Since when is education about only learning the things that a student, in their current ignorance, project they'll need far into the future? Trig and calculus are trivial, learn them. (I'd argue that a solid understanding in both would make personal finance a lot better a subject too.) In any case, my high school offered all of those classes, with personal finance being required and trig being taught along the way in several required math courses.
Since when is high school education? High school is preparation for the real world: it has replaced the old apprenticeships and parental involvement that served as life preparation for centuries.
High school fails in this purpose when it wastes time teaching trigonometry and calculus to those who have no need for it. The majority of people do not graduate college; of the ones that do graduate college, many will never use trigonometry or calculus in their occupations or personal pursuits.
It makes no more sense to teach every high school student trigonometry and calculus than it makes to teach every high school student how to retread tires or operate a band saw.
I think it makes a great deal of sense to teach every student how to operate a band saw. And also how to dance, and how to read poetry, and how to draw with perspective, and how to use a potter’s wheel, and how to solve Newtonian mechanics problems, and how to build simple electrical circuits, how some basic cooking chemistry works, and how double-entry bookkeeping works, and some basic music theory, and how to operate a non-linear video editor, and on and on. Not every student necessarily needs to learn every thing, but schools should have the resources to teach many things to every student.

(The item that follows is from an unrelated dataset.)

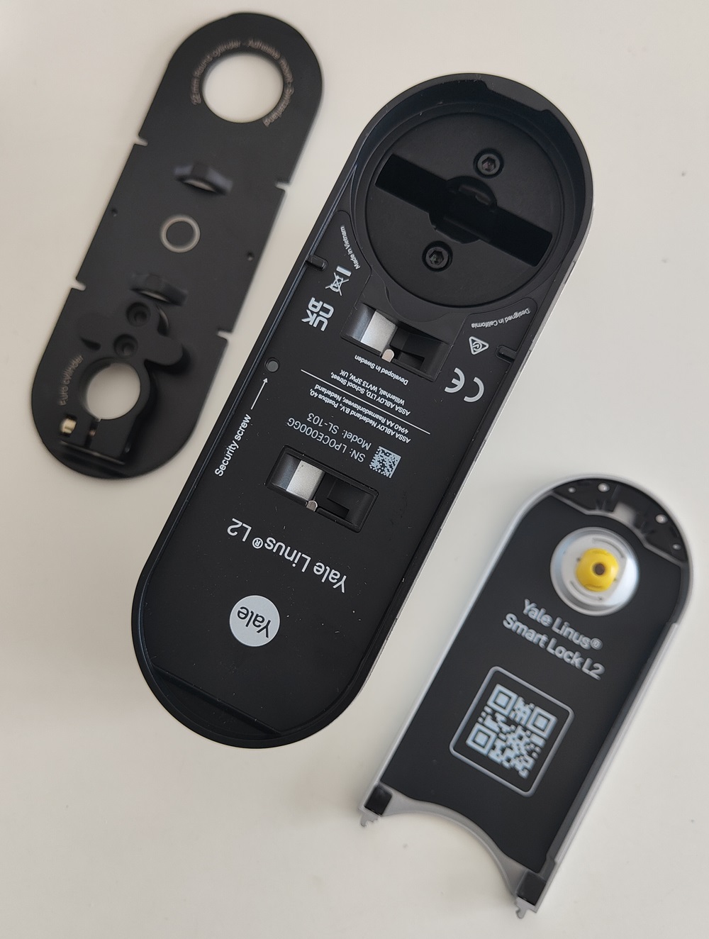 Analizando visualmente la cerradura, esta tiene un diseño ligeramente más compacto que la versión anterior; además, el sistema de apertura también se simplifica. Mientras que el linus Smart Lock tenía dos aletas traseras que servían para quitar la carcasa trasera, el L2 tiene una pletina interior que se sube o baja para ajustarla.

If kids are going to spend half of their time for 13 years (!) in school, I sure hope they’re learning all sorts of useful things. Drilling them on geography or historical dates or the content of 19th century “classic” novels, &c., certainly isn’t the only important thing in the world.

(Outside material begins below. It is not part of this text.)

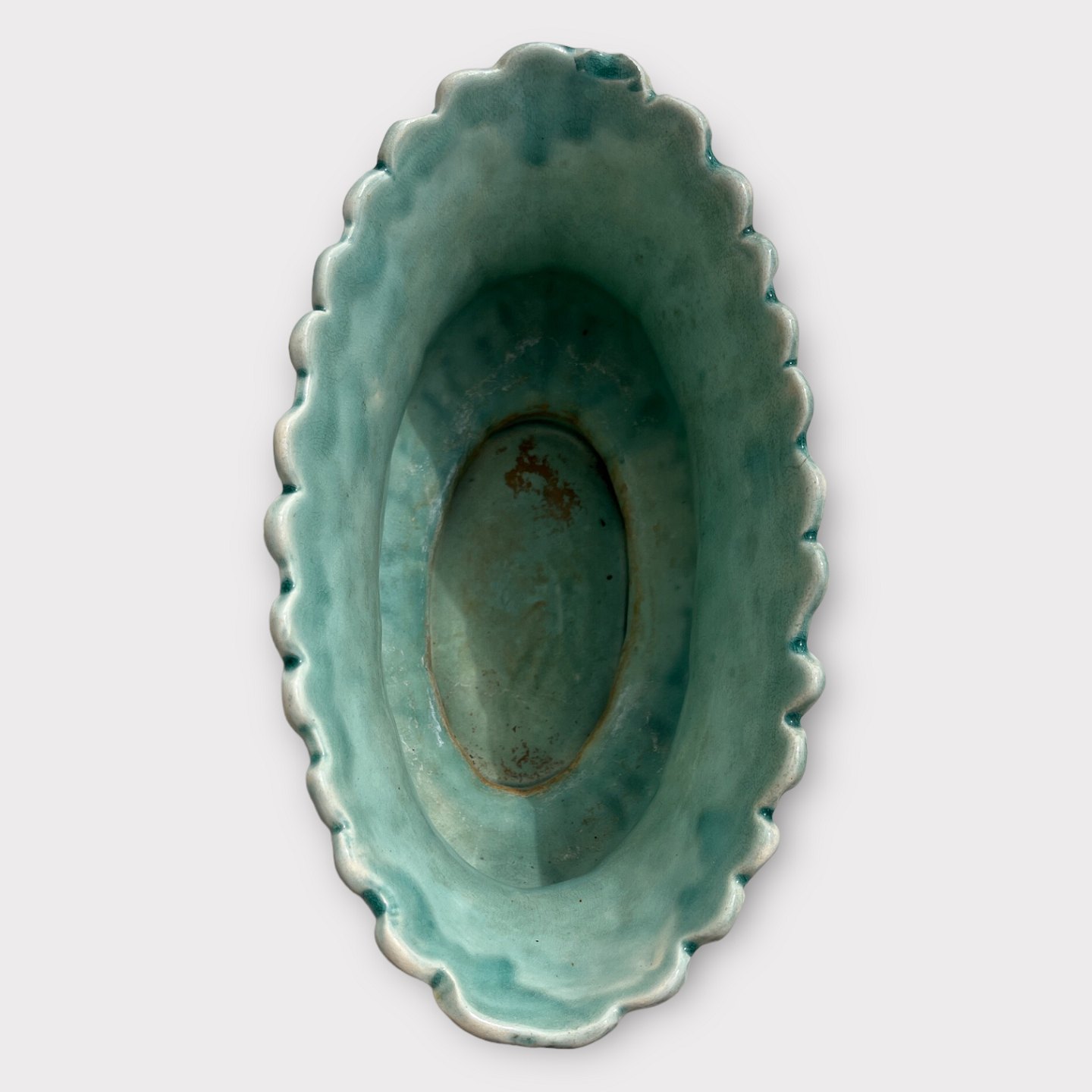 Fajance urtepotte, Majolica, Grønne glasur blomster, 26cm bred, 14cm dyb, 13,5cm høj *Med fejl under glasuren i kanten (se foto)*

Okay, how about this: every student should learn trigonometry and how to dance and how to cook and how double-entry bookkeeping works and how to speak several foreign languages, most (personally I think all or nearly all) students should learn calculus, and a large (much larger than now) percentage should learn how to operate a band saw. Calculus is just absolutely fundamental to so much of the technology that we use every day that students who do not learn calculus are at a serious disadvantage comprehending our built environment.
Calculus is not fundamental to the technology that we use every day. I work an extremely technically challenging job and I'm serious, I haven't used calculus or trigonometry since my last physics exam in undergrad. Am I happy I know them? Sure, because I like knowing things. Are they even remotely useful in my everyday life? Not a bit.
Please, by all means, demonstrate a place where a person who doesn't know calculus is at a disadvantage interacting with the technology of the world around us. Until then, I'm calling bullshit.